Combine chicken, apple, celery, cucumber, cooked potatoes, nuts and chives and mix gently.
Mix the evap milk and mayo until smooth and pour this over the chicken.
Mix gently again, season, garnish, serve! I crumbled some Feta cheese over as well.
Serve with something with colour as the chicken, apple and potato are all white and the green of the cucumber and celery isn't strong enough to show! It needs lettuce, rocket, tomatoes for colour.

It is really nice, just filling enough, but light enough to feel good!

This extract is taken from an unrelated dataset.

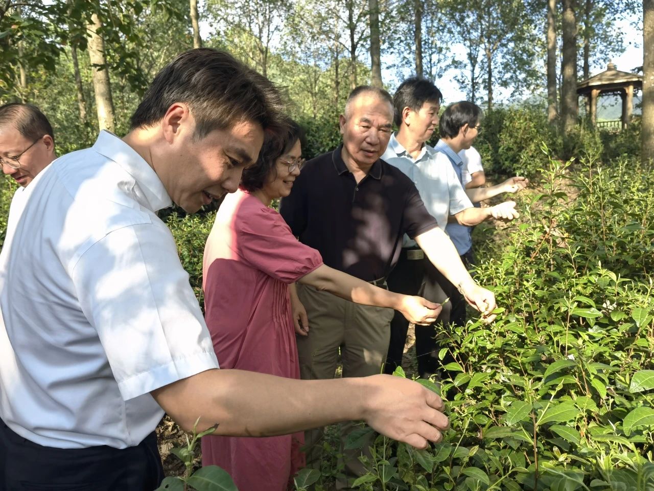 9月6日下午,民革浙江省委會(huì)“三農(nóng)”服務(wù)團(tuán)一行考察了大黃山有機(jī)茶基地和浙江芹陽茶業(yè)有限公司,實(shí)地了解該公司與杭州西湖龍井茶骨干企業(yè)聯(lián)盟主席單位御野茶業(yè)公司合作發(fā)展情況,參觀了大黃山茶博園茶葉油茶展示體驗(yàn)館、原生態(tài)有機(jī)茶園,親近“長在樹林里的茶葉”。

Don't forget:  Give yourself TIME to COOK the chicken & potatoes beforehand - and hard boil the eggs!

Wednesday, 14 March 2012

Flop-Proof-And-Proved Chocolate Cake!

Not a very elegant title I know, and we all have our own "flop-proof" chocolate cake recipe, but since I also didn't have any butter in the house yesterday and needed something to serve guests, this one really did come up trumps! I have no idea where it came from as it's hand-written in my own recipe book!

250ml boiling water;     125ml oil (sunflower, vegetable I don't know whether it'll make a difference!);     125ml cocoa powder;     375ml sugar;     1ml salt (is there a 1ml measure available?! A dash is good enough!);     3 eggs;     15ml baking powder;     5ml vanilla essence;     450ml plain flour.

1.  Mix boiling water, oil and cocoa and bring back to the boil, then leave to cool.
2.  Beat the sugar and eggs with a hand mixer to make it nice and light.
3.  Add the flour, baking powder and salt to the sugar mixture, fold in and mix well.
4.  Add the essence to the water-oil-cocoa mix then add this to the flour mixture - it doesn't need to be totally cold, it will have had time to cool down while you were beating eggs etc. Mix well.
5. Pour into 'something' - whether it's cup-cake cases, a round tin, two round tins, a square tin - and bake at 180C. The length of time probably depends on how deep it is - cup-cakes or one square or round tin. I did it in a 20cm square tin 8cm deep (8" square 3" deep).  The 'original' recipe says to bake for 25-30minutes. On a previous occasion I'd crossed out the 25, but this time it needed 35minutes! Also depends on your oven of course!
6.  Ice as you like! I cut the square cake into squares then dribbled plain water icing over each individual one.

Many years ago I remember reading that Peppermint Essence goes well with Chocolate Cake, and I have tried it; gives it that 'Oooh' factor!

Wednesday, 7 March 2012

A Little History!

I'm not a cook! I don't love to cook or bake and I don't follow any of the TV cooking programmes celebrity or otherwise!  I don't recall ever following a recipe as it was written; I've always been short of one ingredient, or just haven't liked the quantities and reduced them drastically! So the finished product is always different to the written recipe and it usually looks quite different too!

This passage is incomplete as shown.